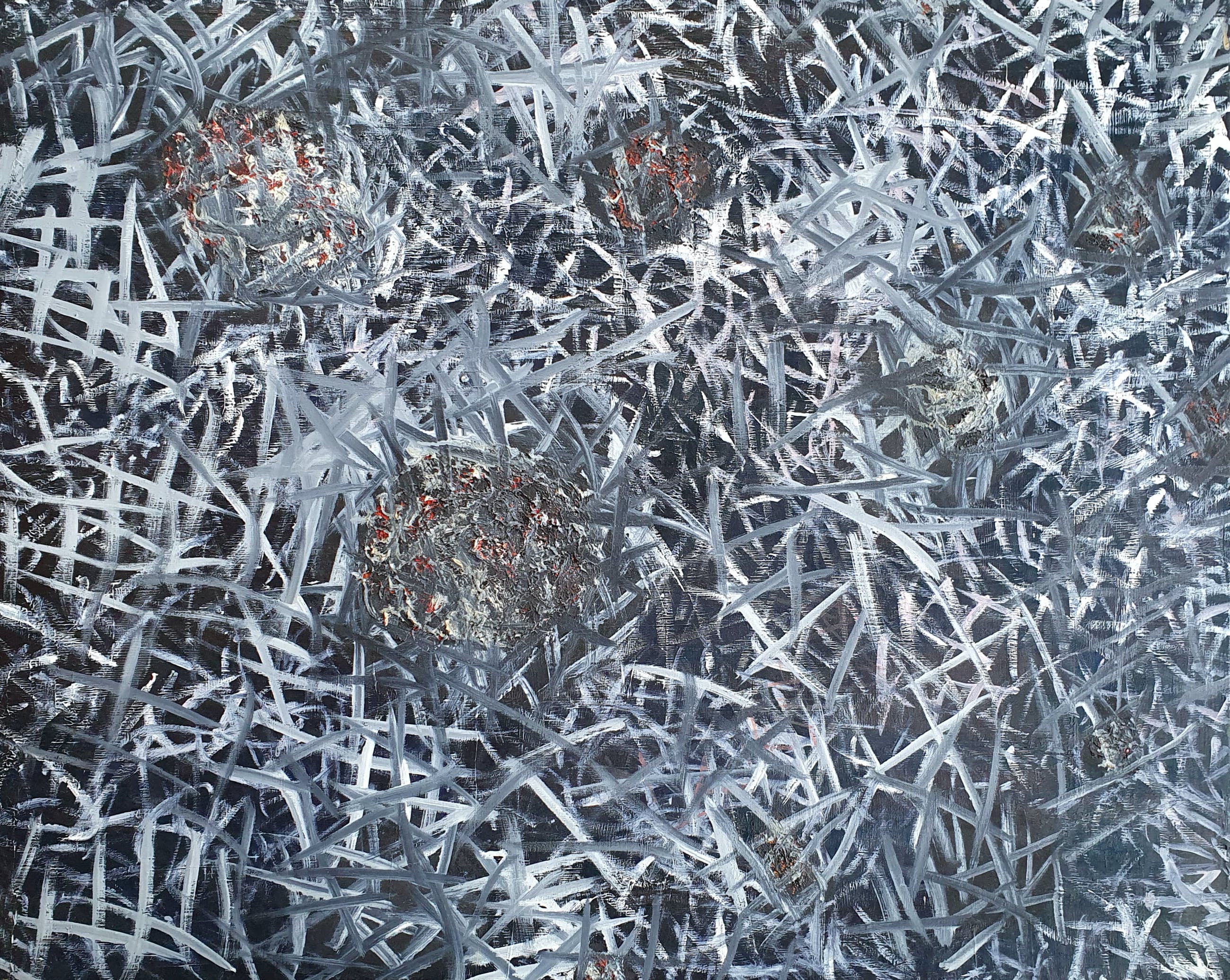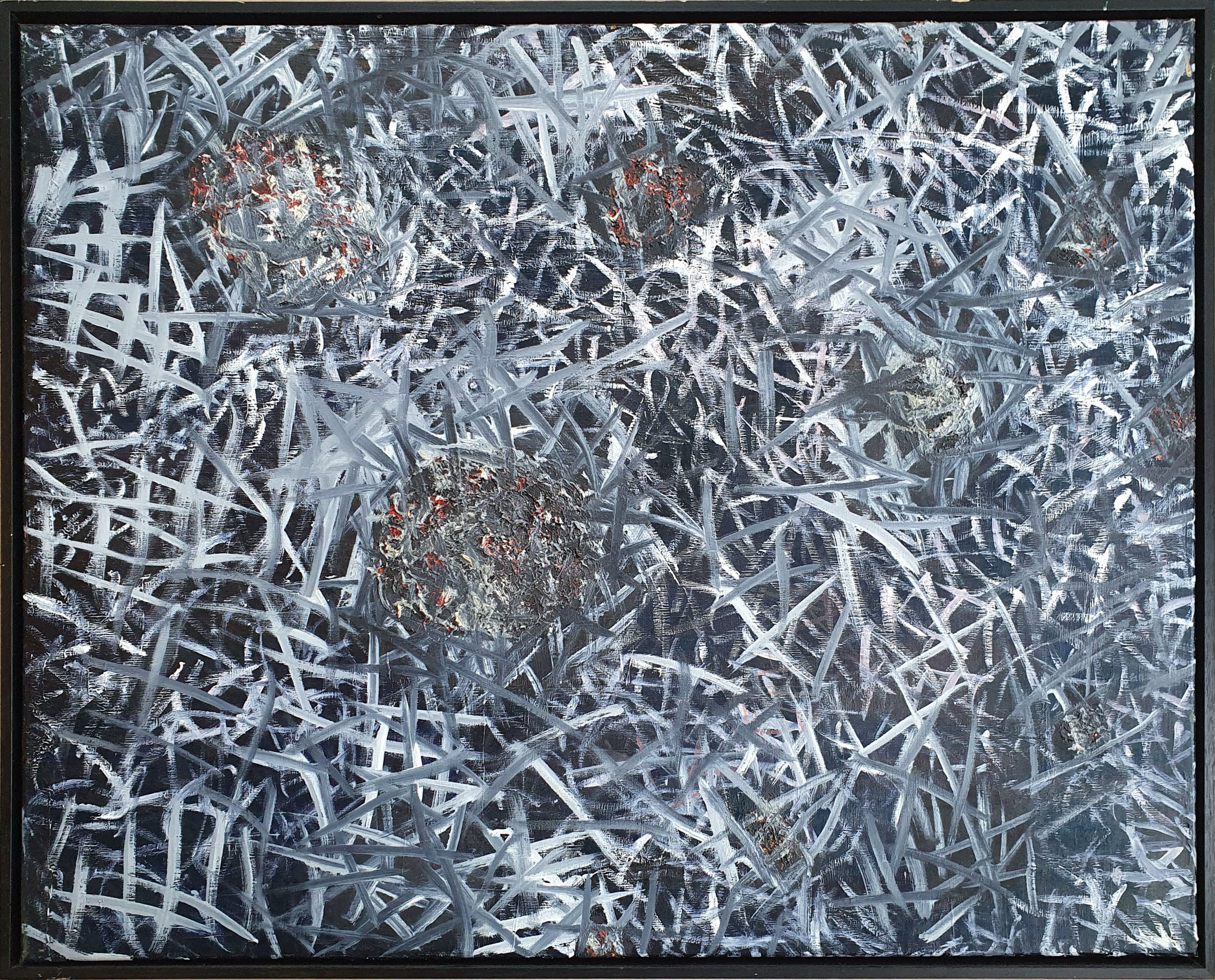 Fraai schilderij van Pim Trooster met de titel: 'Zonder Titel'. Het werk is verso met de hand gesigneerd en gedateerd door de kunstenaar.
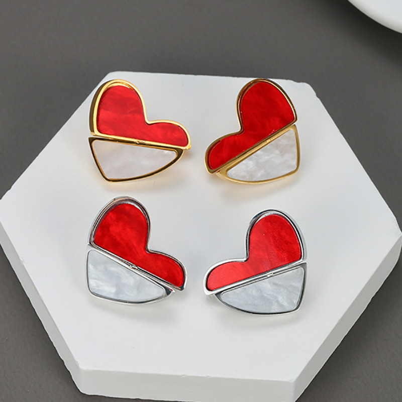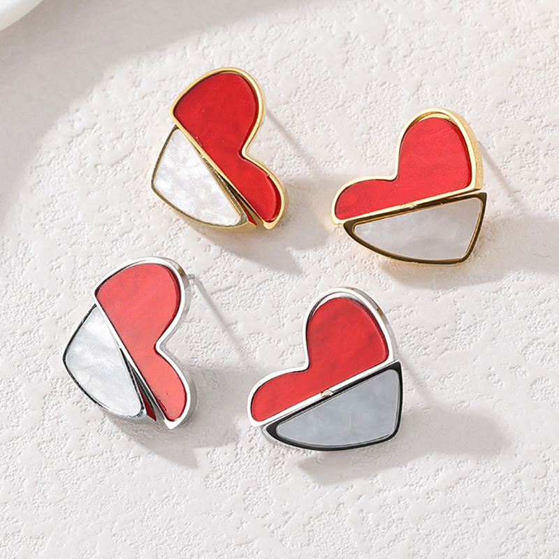 Orecchini in acciaio inossidabile, 304 acciaio inox, Cuore, placcato, per la donna & smalto & bicolore, nessuno, Venduto da coppia
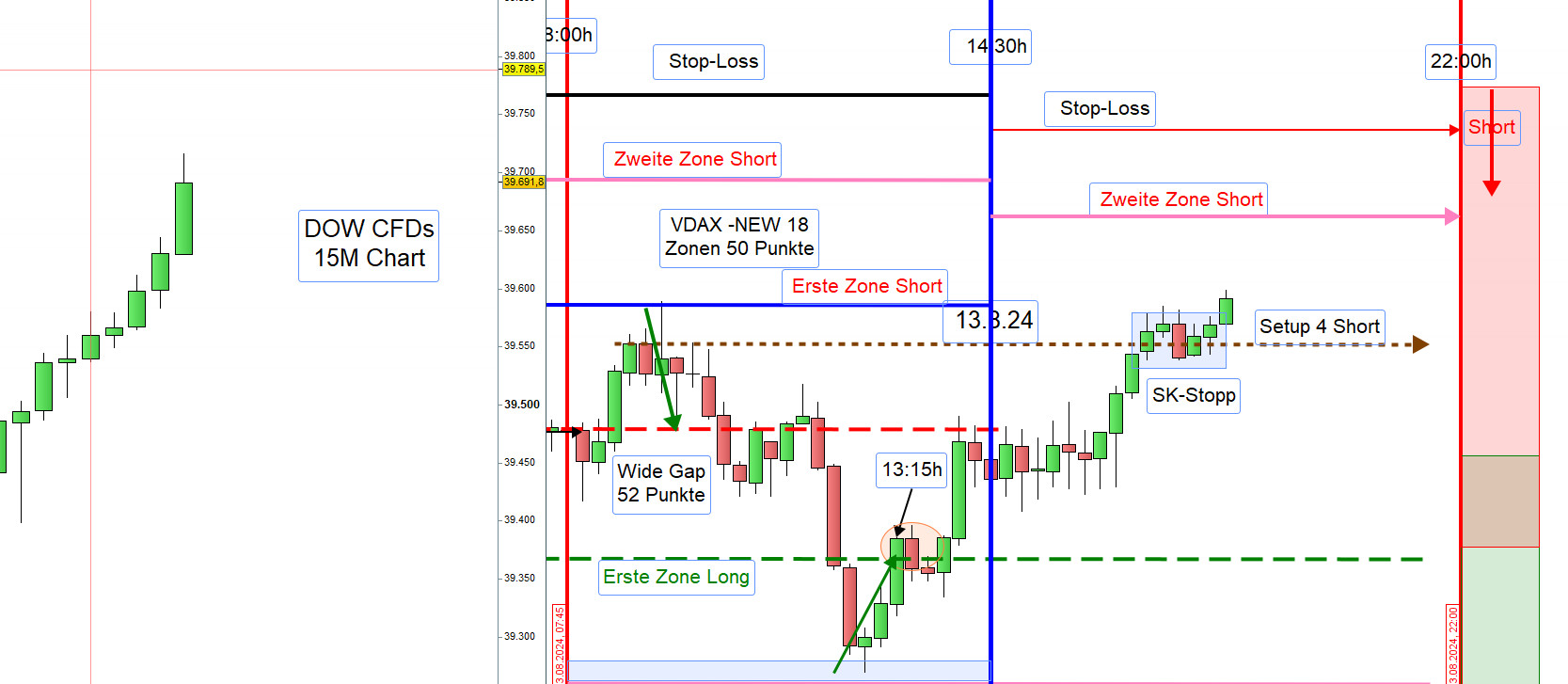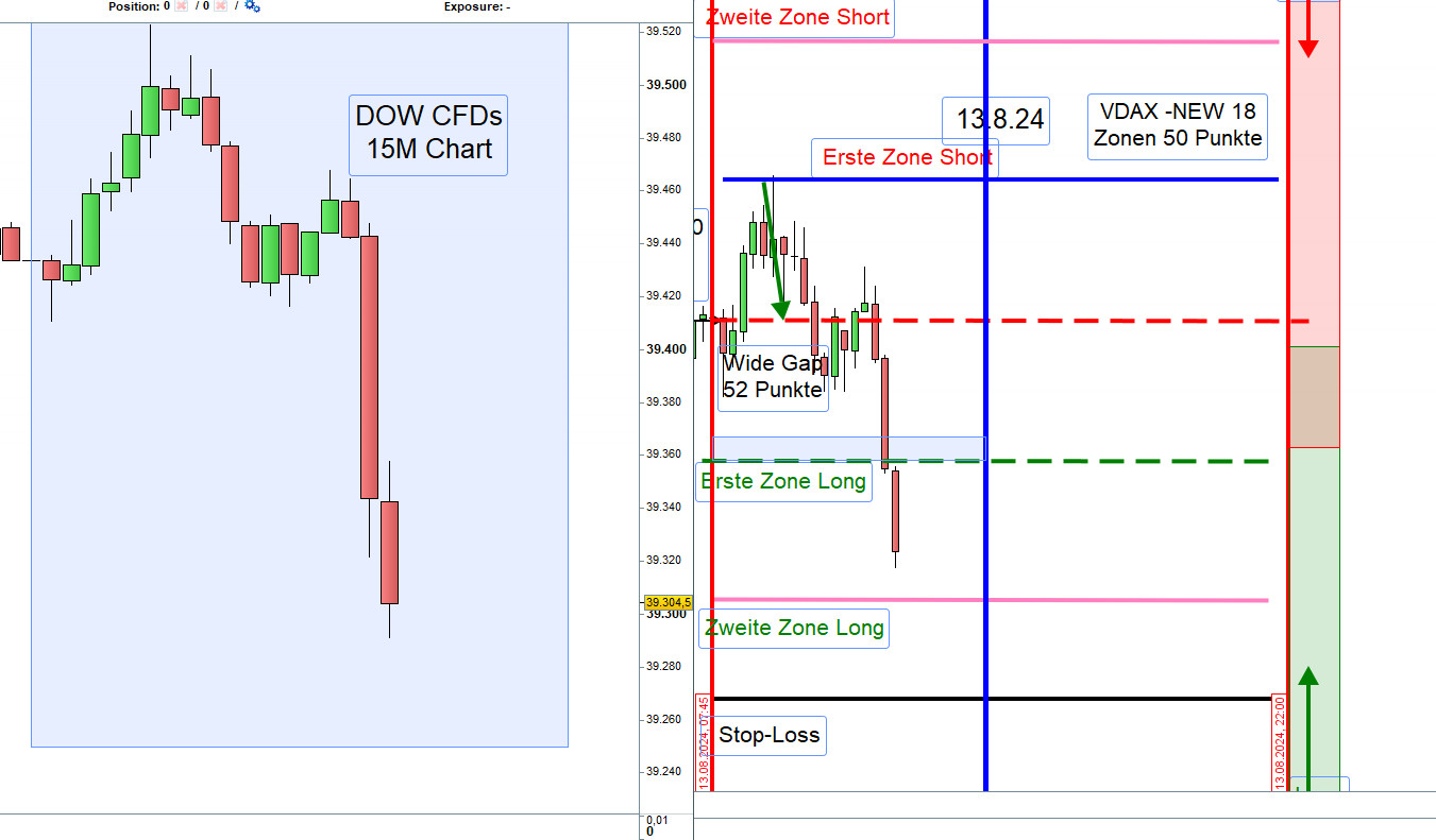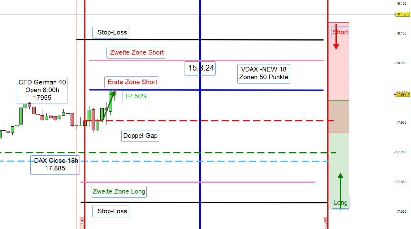 Die Eröffnung einer Position erfolgt gemäß dem Prinzip des Zonenhandels. Wurde die Position eröffnet, dann ist dies die erste Zone. Das Augenmerk liegt auf der Kursbewegung ab 9:00h, Eröffnung XETRA-Börse. Wird die Wide-Gap zügig durchgehandelt, dann erfolgt der Einstieg erst nach einer bullish oder bearish Umkehr-Kerze. Hammer und Inverted Hammer -

◆ **What you will do**:
Copy every line above exactly, leaving no picture in the copy.

◆ **Completed task**:
 Fraai schilderij van Pim Trooster met de titel: 'Zonder Titel'. Het werk is verso met de hand gesigneerd en gedateerd door de kunstenaar.
 Orecchini in acciaio inossidabile, 304 acciaio inox, Cuore, placcato, per la donna & smalto & bicolore, nessuno, Venduto da coppia
 Die Eröffnung einer Position erfolgt gemäß dem Prinzip des Zonenhandels. Wurde die Position eröffnet, dann ist dies die erste Zone. Das Augenmerk liegt auf der Kursbewegung ab 9:00h, Eröffnung XETRA-Börse. Wird die Wide-Gap zügig durchgehandelt, dann erfolgt der Einstieg erst nach einer bullish oder bearish Umkehr-Kerze. Hammer und Inverted Hammer -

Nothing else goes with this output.